Czytaj też: Francuzi karzą Google'a. Co z tego wynika dla polskich firm?
Co zrobi reszta świata
Taktyka obrana przez Unię Europejską wydaje się dziś słuszna – karami wymuszać lepsze zachowanie, ale na razie nie próbować sięgać po zbyt drastyczne rozwiązania. Nie chodzi przecież o to, żeby zatrzymać postęp technologiczny i zamiast jednej świetnej wyszukiwarki (a taką jest bez wątpienia Google) mieć dziesięć miernych, albo podzielić sztucznie Facebooka na szereg małych sieci, z których każda ma mieć np. nie więcej niż 100 mln użytkowników. Ale mniejsze serwisy muszą dostać szansę rozwoju i konkurowania, bo w przeciwnym razie ten postęp szybko się skończy.
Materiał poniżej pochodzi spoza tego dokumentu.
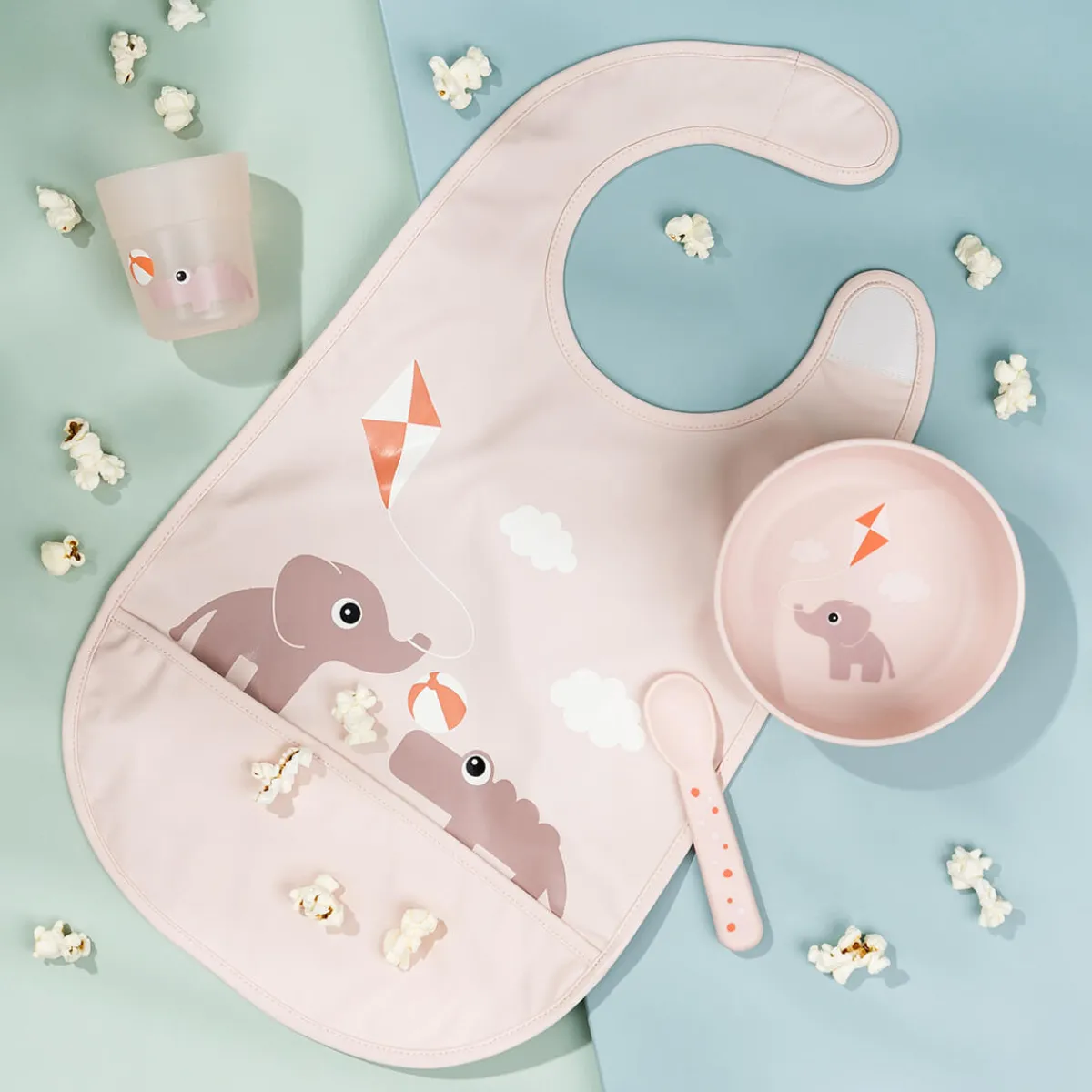 Denne praktiske hagesmæk med velcro i en sød pudderfarve er designet til at gøre måltiderne sjove for dig og dit barn. Med et legende motiv af Elphee og Croco, der nyder Playground, tilføjer hagesmækken et strejf af legesyge til hvert måltid.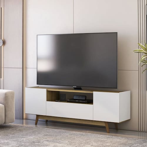 O rack para TV até 72 polegadas Porto Belo da Mademóvel é o móvel ideal para deixar sua sala de estar de cara nova com mais elegância e modernidade! Possui 2 portas com interior bem espaçoso e uma gaveta. Possui pés estilo retrô que trazem requinte ao ambiente. Produto Montado: Sim Acabamento: Finish Foil Acabamento da Porta: Finish Foil Acabamento dos Pés: Melamínico Altura dos Pés: 17 cm Altura Máxima dos Pés: 17.0000 Ambiente Principal: Sala de Estar codigo_ean: 7900288284273 Complexidade da Montagem: Média: pode ser montado por mais de uma pessoa e/ou necessite de maior conhecimento para montagem Cor: Branco/Mel Cor do Produto: Branco/Mel Cor Flex: Não Cor Interna: Branco/Mel Escala de Brilho: Fosco Escala de Brilho da Porta: Fosco Espessura do Tampo: 15 mm Estilo do Pé: Retrô Ideal para TVs até (Polegadas): 72 Itens Inclusos: 1 Rack, Kit Ferragem e Manual de Montagem Linha ou Coleção: Porto Belo Manual de Montagem e Instalação: https://product-hub-prd.madeiramadeira.com.br/271201069/documents/24eb6348-7256-4e55-9421-9623cec57af0330884152251761942478959.pdf Marca: Mademovel Material da Porta: MDP Material dos Pés: PVC Material Principal: MDP Modelo de Porta: Porta Lisa Montagem Flex: Não Necessita Montagem: Sim Origem do Produto: Nacional Peso: 31,83 kg Possui Adega: Não Possui Espelho: Não Possui iluminação: Não Possui Passa Cabos: Não Possui Pés: 04 Possui Prateleiras: Não Possui Vidro: Não Recomendações de Uso, Manutenção e Limpeza: Para a limpeza do móvel utilizar pano levemente umedecido com água e sabão neutro Sapatas Niveladoras: Não Sistema de Montagem: Parafusos e cavilhas Tipo de Dobradiça/Corrediça da Porta: Metálica Tipo de Porta: Misto (Bater e Basculante) Tipo de Puxador da Porta: Embutido Marca: Não Informado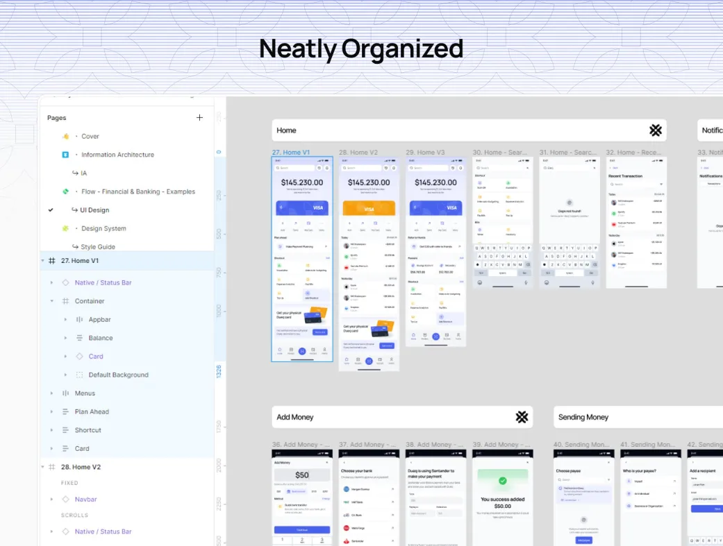 Dueq - کیت UI اپلیکیشن بانکداری موبایل یک مجموعه جامع از صفحات و کامپوننتهای قابل سفارشیسازی است که تجربهای seamless و کاربرپسند برای اپهای بانکی موبایل فراهم میکند. این کیت منحصراً برای Figma طراحی شده تا بهینهسازی آسان و بهروزرسانیهای سریع را تضمین کند. با بهرهگیری از معماری اطلاعاتی قوی، راهنماهای تایپوگرافی و رنگ، میتوانید پروتوتایپهای حرفهای بسازید و زمان طراحی را تا ۵۰٪ کاهش دهید.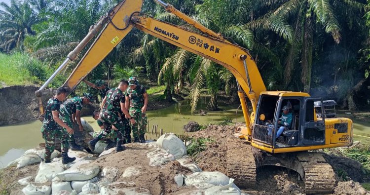 Sumut - Koramil 07/Stabat, Kodim 0203/Langkat, bersama warga Desa Stabat Lama, Kecamatan Wampu, Kabupaten Langkat, melaksanakan perbaikan tanggul yang kembali jebol akibat hujan deras, Minggu (14/12/2025). Perbaikan tersebut dilakukan sebagai langkah antisipasi untuk mencegah terjadinya banjir susulan pasca banjir yang melanda wilayah tersebut beberapa hari sebelumnya.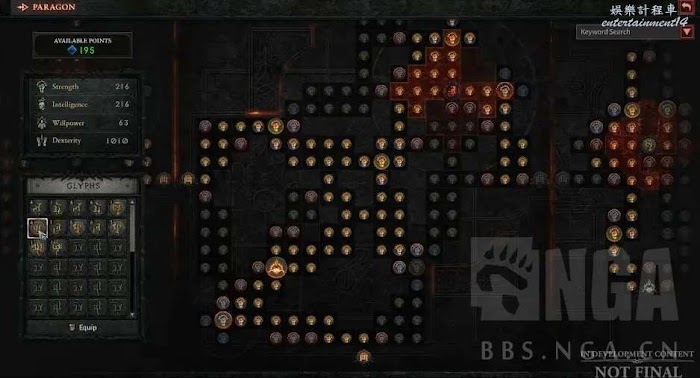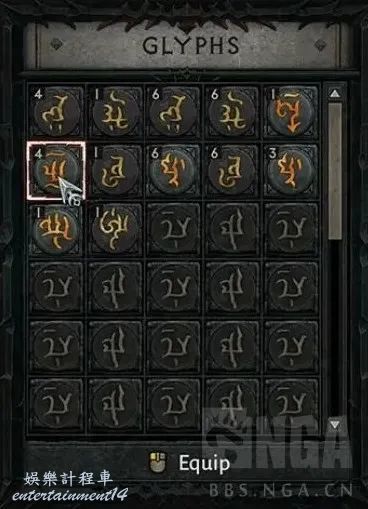 最左側的glyphs(字形或者符文)是通過刷圖獲得的,可以鑲嵌在巔峰天賦盤中生效。包含各種屬性效果。

Szkoda tylko, że inne ważne kraje, z USA na czele, nie chcą prowadzić podobnej jak Europa polityki. Cywilizowanie internetowych gigantów byłoby dużo prostsze, gdyby wiedzieli, że reguły gry w Unii, Australii, Japonii czy Kanadzie są takie same. Na razie muszą się trzymać na baczności tylko na jednym, choć bardzo ważnym dla nich rynku. W innych częściach świata (poza Chinami, gdzie ich po prostu nie wpuszczono) robią, co chcą.